To provide more detailed information on the ECgene models, we created a utility program that shows ECgene models as custom tracks in the UCSC genome browser. Figure 3 shows the transcript structure of the BRCA2 gene using the ECgene genome browser available at http://genome.ewha.ac.kr/ECgene/gbr/. The GUI design is almost identical to that of the UCSC genome browser as shown in Figure 3A. The most useful feature would be the option of showing EST alignment that adds each transcript model and member sequences as a separate custom track. The title line includes a brief summary of the transcript model and clones. Clicking on the transcript or the title line expands the picture to show the alignment as in Figure 3B. We also provide the option of hiding unspliced alignments, since many of them are likely to be incomplete or artifactual. Furthermore, one can see the result of UniGene clustering for comparison even though they are just a collection of alignments without transcript models. For the BRCA2 gene, all 56 sequences in the UniGene cluster align in this genomic region. However, we often find that our clusters are substantially different from the UniGene clusters.

Figure 3.
ECgene genome browser. (A) Dense view showing the gene structure. The ECgene ID “H13C1492.1” indicates that the gene is the 1,492nd cluster located on human chromosome 13. The variant number is appended after the ECgene ID. The title line ...

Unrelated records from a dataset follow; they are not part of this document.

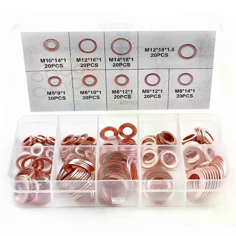 200 Pcs Copper Washer Sealing Gasket Flat Ring Seal Assortment Kit M4 M5 M6 M8 M10 M12 M14 For Sump Plugs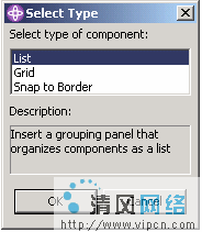 把 Panel-Group Box 组件拖到空白的 StockTemplate.jtpl 上,如图 13 所示。假如 JTPL 上有一些文本,则在拖动组件之前将其删除掉。将会显示一个对话框,要求您选择组件的类型。选择 List,如图 14 所示。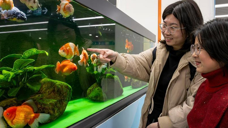 地下鉄駅を彩る金魚 中国福建省福州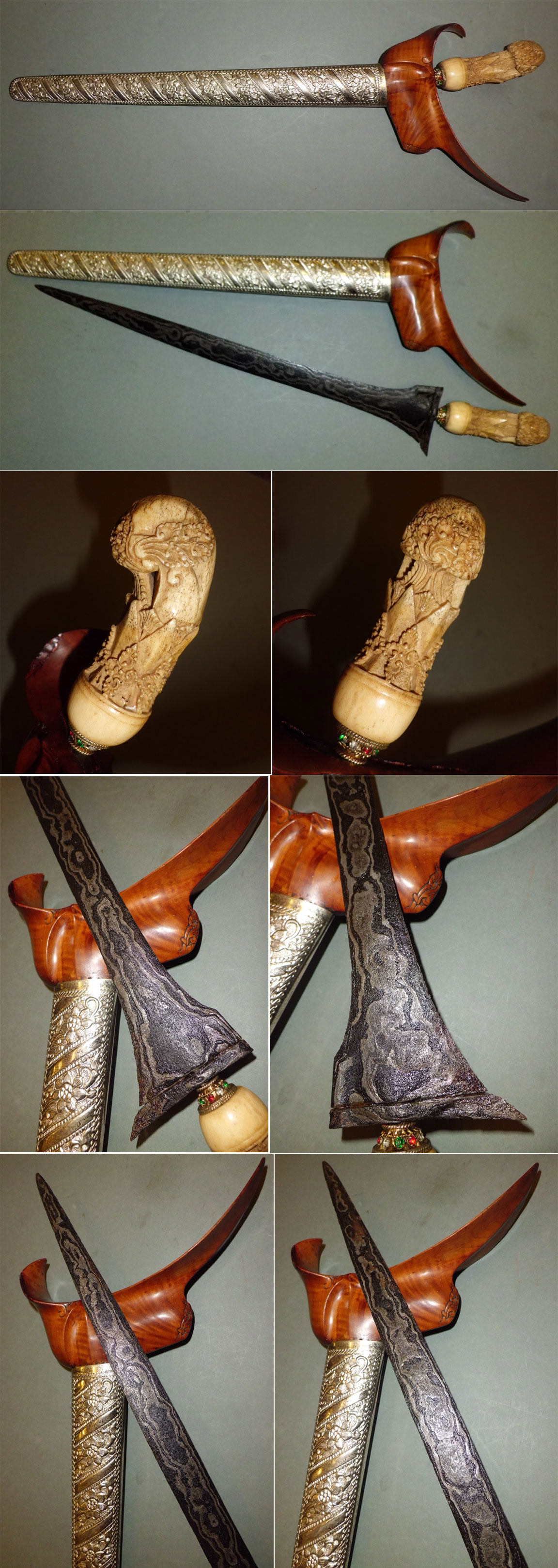 Age: Krises are traditionally made without any date stampings or engravings of the makers' name. Although a kris smith or "empu" has his own styles configured together with the dapor and especially the ganjar (cross piece). Obvious age wear and tear, usage, familiarity with forms, motifs and designs, origin and history, mediums and materials used are our guidelines in determining an approximate age. This particular piece, from our experience and knowledge, should go back to the early 19th century, with 20th century silver alloy stem cover.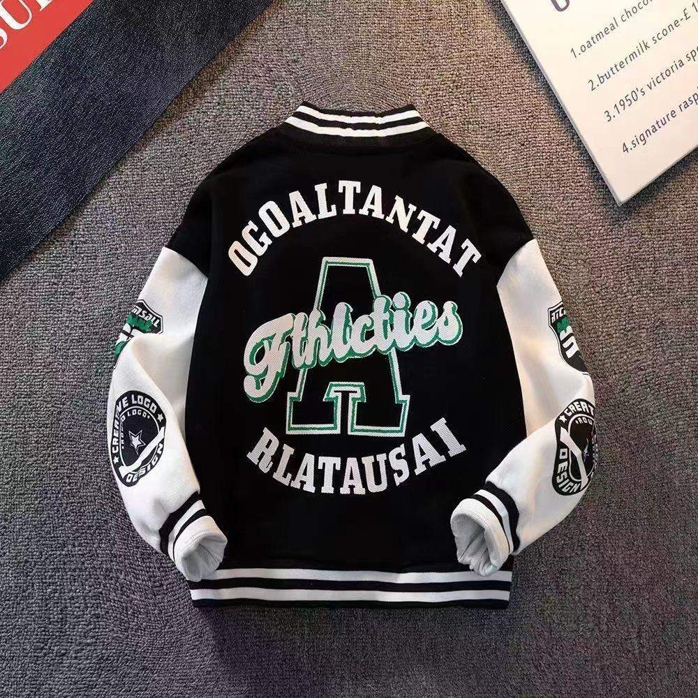 キッズ ジャケット 秋冬 子供服 男の子 Vネック ストライプ アウター ジャンパー ブルゾン 野球服 120cm 130cm 140cm 150cm 160cm 170cm ブラック グリーン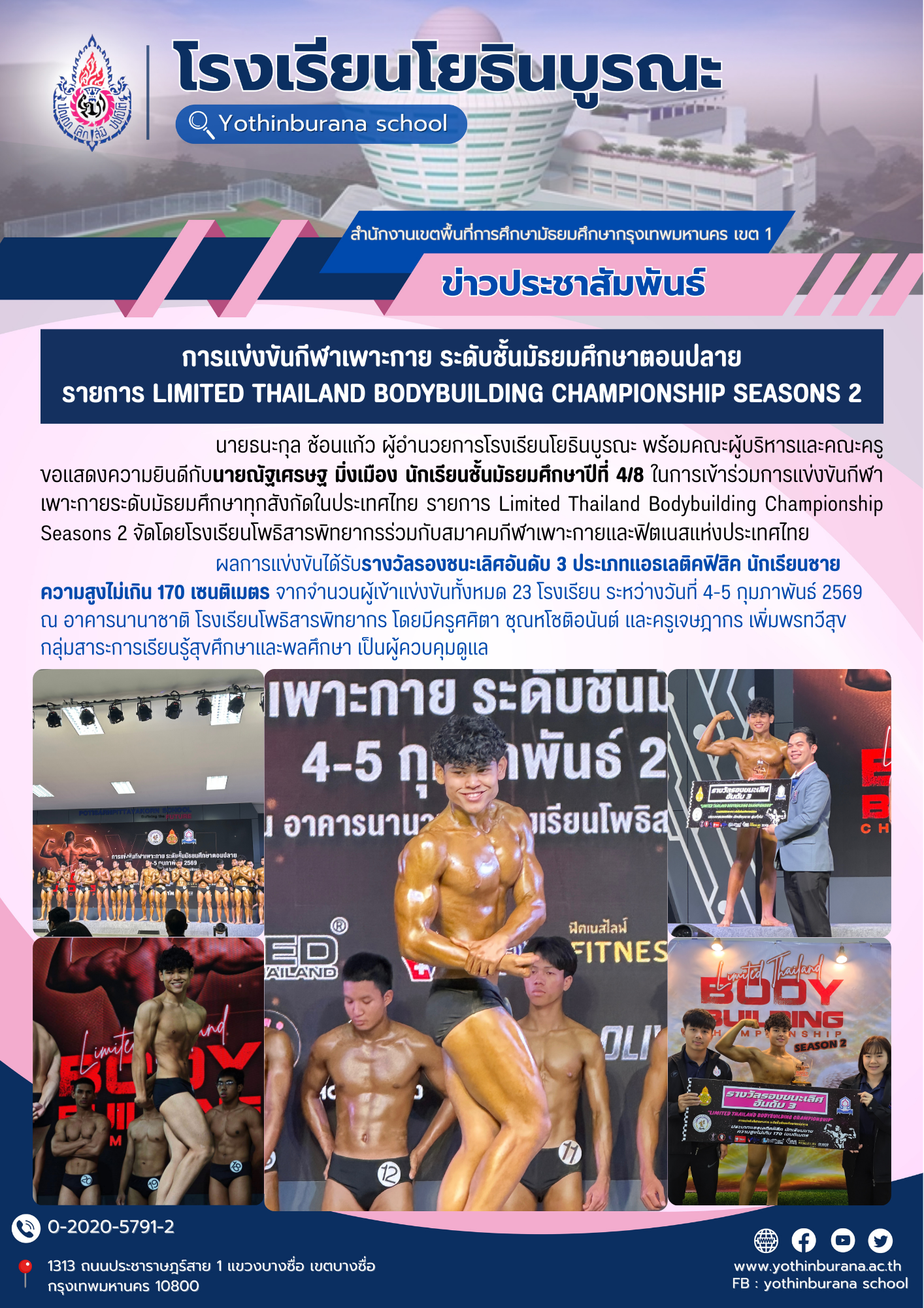 นายธนะกุล ช้อนแก้ว ผู้อำนวยการโรงเรียนโยธินบูรณะ พร้อมคณะผู้บริหารและคณะครู ขอแสดงความยินดีกับนายณัฐเศรษฐ มิ่งเมือง นักเรียนชั้นมัธยมศึกษาปีที่ 4/8 ในการเข้าร่วมการแข่งขันกีฬาเพาะกายระดับมัธยมศึกษาทุกสังกัดในประเทศไทย รายการ Limited Thailand Bodybuilding Championship Seasons 2 จัดโดยโรงเรียนโพธิสารพิทยากรร่วมกับสมาคมกีฬาเพาะกายและฟิตเนสแห่งประเทศไทย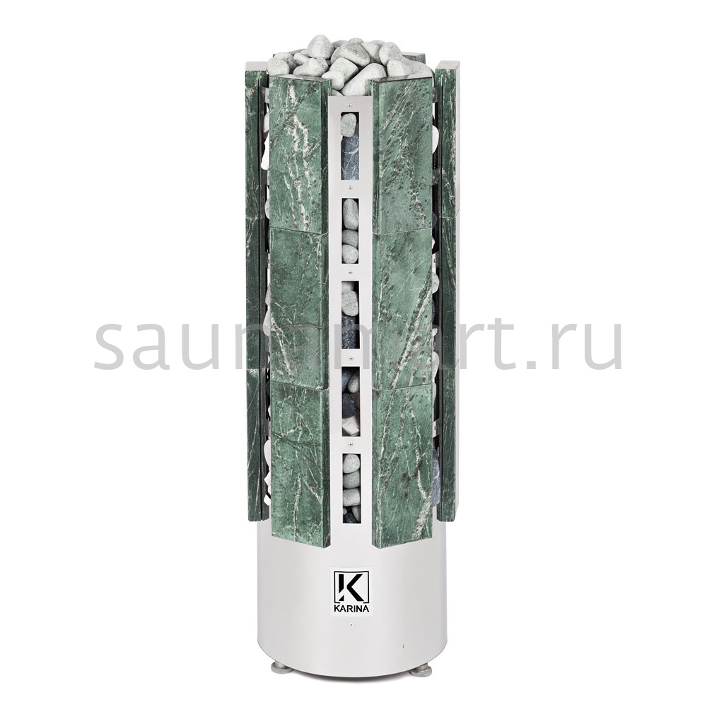 Электрокаменка Karina Forta 18 Змеевик предназначена для использования в парных объемом до 30м3. Печь выполнена в напольном варианте и обладает цилиндрической формой дополненной плитами из натурального камня Змеевика. Напряжение питания - 380В. Данная модель имеет 9 тэнов, расположенных в виде треугольника. В центре внизу расположен бак для воды емкостью 5л, который является парогенератором. Выше парогенератора имеется емкость под мелкие камни или нержавеющие шары объемом 4.7л, вмещающая 10 кг мелкого камня, называемая закрытой каменкой с воронкой для подачи воды и получения мелкодисперсного пара. Электрическая печь Karina Forta 18 Змеевик многофункциональна, и при правильной эксплуатации она подойдет для любителей как финской сауны, так и русской бани.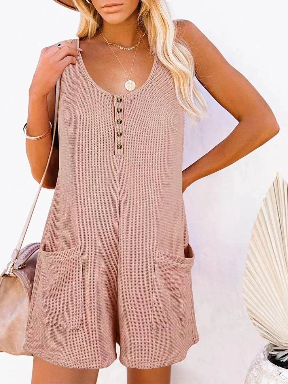Full Size Pocketed Scoop Neck Sleeveless Romper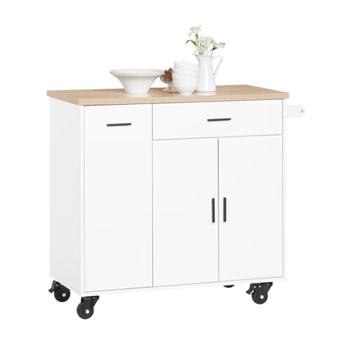 SoBuy , Köksö på hjul, Förvaringsskåp med Klaffbord, Arbetsbord Kök, FKW71 (Vit)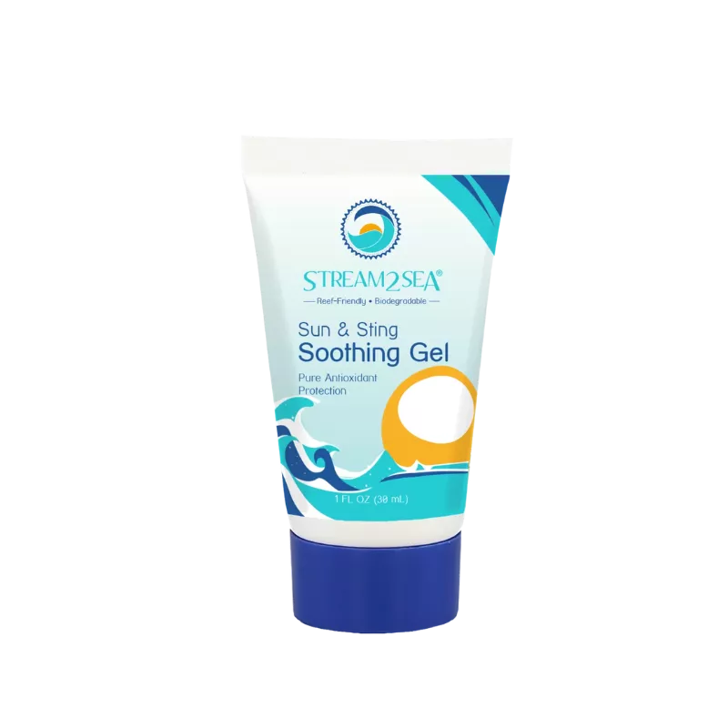 Soothe your skin following sun exposure, insect bites or underwater stings with Stream2Sea Sun and Sting Soothing Gel made with a potent antioxidant blend of Green Tea, Tulsi, Wakame, and Olive Leaf.

Analysis of human, mouse, and rat transcriptomes

We applied the ECgene algorithm to the human, mouse, and rat genomes. The total number of input sequences is summarized in Table 1; 92%–96% of RefSeq sequences align onto the genome with good quality. The aligned percentage decreases slightly for mRNA and EST sequences. The percentage of spliced sequences reflects the nature of EST clones, which are short sequences from single-pass reads. Note that the number of mRNA and EST sequences for rat is about one-tenth of those of the human and mouse genomes.

Table 1.
Summary of input sequences

Table 2 is a summary of the application of the ECgene algorithm on the human genome. Part A contains 57,172 genes of almost RefSeq quality, 37,497 (66%) of which are multi-exon genes. The portion of single-exon genes is rather high compared to the input RefSeq in Table 1, since our criterion requires an mRNA and the number of sequences ≥8 regardless of the availability of full-length clones. The percentage of alternatively spliced genes among multi-exon genes varies from 25% to 43% depending on the transcript reliability. The average numbers of isoforms for multi-exon genes range from 4.1 to 7.9. Approximately 80% of alternatively spliced genes have at least one splice variant being supported by EST sequences only. All of these numbers are in good agreement with previous reports.

Table 2.
Summary of ECgene for the human genome

The total number of clusters is 311,252, a rather large number, but 55% (171,755 clusters) of those contain only one EST. Statistics regarding cluster size versus number of ECgene clusters are available in Supplemental Table S1. Clusters with an unusually large number of sequences are from the mitochondrial genome, except in one case. The statistics for coding versus non-coding transcripts are rather interesting. Whereas the number of coding transcripts shows a steady increase in the three groups in Table 2, the number of noncoding transcripts increases dramatically in Part C. Furthermore, we find that only 27 of the 79,153 noncoding transcripts in Part C have polyA tails. This strongly suggests that a substantial portion of noncoding transcripts in Part C might be artifacts, although we cannot rule out the possibility of noncoding RNAs being transcribed by different classes of RNA polymerase.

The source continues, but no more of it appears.